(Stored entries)
*** Block opens ***
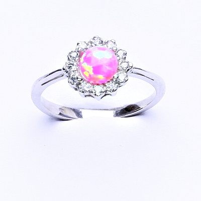 Stříbrný prsten, růžový syntetický opál, čiré zirkony, T 1495
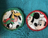 You get these two hotpads.. not to be used as potholders.. top is a microfiber towel and botton is felt and edged in glitter Christmas Yarn. the first one is 6 1/2 inches wide.. the second is 7 1/2 inches wide..
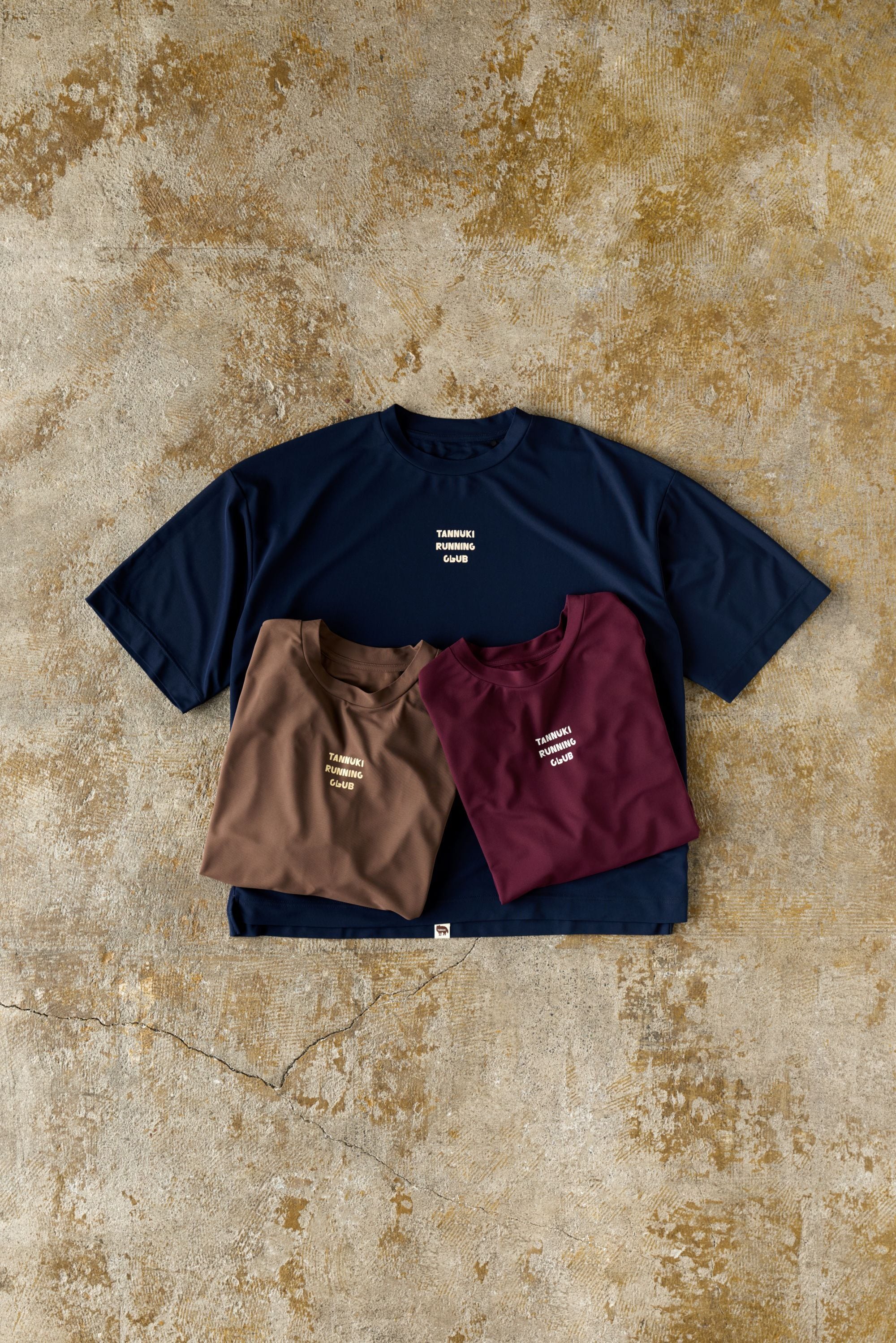 ワッフル素材のビッグTで人気のTANNUKI RUNNING CLUBグラフィックですが、同じデザインをひっそりと控えめに前身頃に配置しました。ビッグシルエットのボディに小さなロゴの対比を楽しんでもらえたらと思います。主張の弱い小さいロゴはコーディネートのしやすさにもつながるのではと思っています。
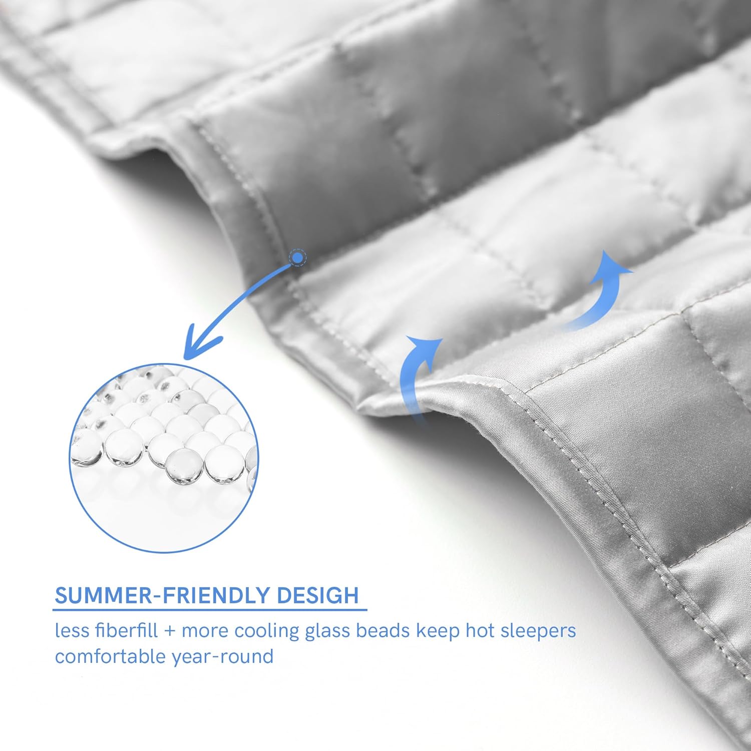 YnM Exclusive Cooling Weighted Blanket with Bamboo Viscose, Smallest Compartments with Glass Beads, Bed Blanket for One Person of 140lbs, Ideal for Twin/Full Bed (48×72 Inches, 15 Pounds, Light Grey)
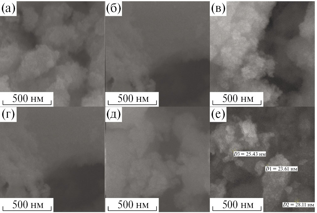 Рис. 4. СЭМ-изображения НЧ СеО₂, полученных осаждением при одновременном введении растворов нитрата церия и аммиака без ультразвукового воздействия (а–в) и с ультразвуковой обработкой (г–е) и с последующей сушкой при 80 °С (а, г); при лиофильной сушке (б, д); при сушке потоком воздуха (в, е).
*** Block closes ***
◆ Aim of the exercise ◆
Output the lines above in full and exactly. Leave out every picture.

◆ Completed task ◆
 Stříbrný prsten, růžový syntetický opál, čiré zirkony, T 1495
 You get these two hotpads.. not to be used as potholders.. top is a microfiber towel and botton is felt and edged in glitter Christmas Yarn. the first one is 6 1/2 inches wide.. the second is 7 1/2 inches wide..
 ワッフル素材のビッグTで人気のTANNUKI RUNNING CLUBグラフィックですが、同じデザインをひっそりと控えめに前身頃に配置しました。ビッグシルエットのボディに小さなロゴの対比を楽しんでもらえたらと思います。主張の弱い小さいロゴはコーディネートのしやすさにもつながるのではと思っています。
 YnM Exclusive Cooling Weighted Blanket with Bamboo Viscose, Smallest Compartments with Glass Beads, Bed Blanket for One Person of 140lbs, Ideal for Twin/Full Bed (48×72 Inches, 15 Pounds, Light Grey)
 Рис. 4. СЭМ-изображения НЧ СеО₂, полученных осаждением при одновременном введении растворов нитрата церия и аммиака без ультразвукового воздействия (а–в) и с ультразвуковой обработкой (г–е) и с последующей сушкой при 80 °С (а, г); при лиофильной сушке (б, д); при сушке потоком воздуха (в, е).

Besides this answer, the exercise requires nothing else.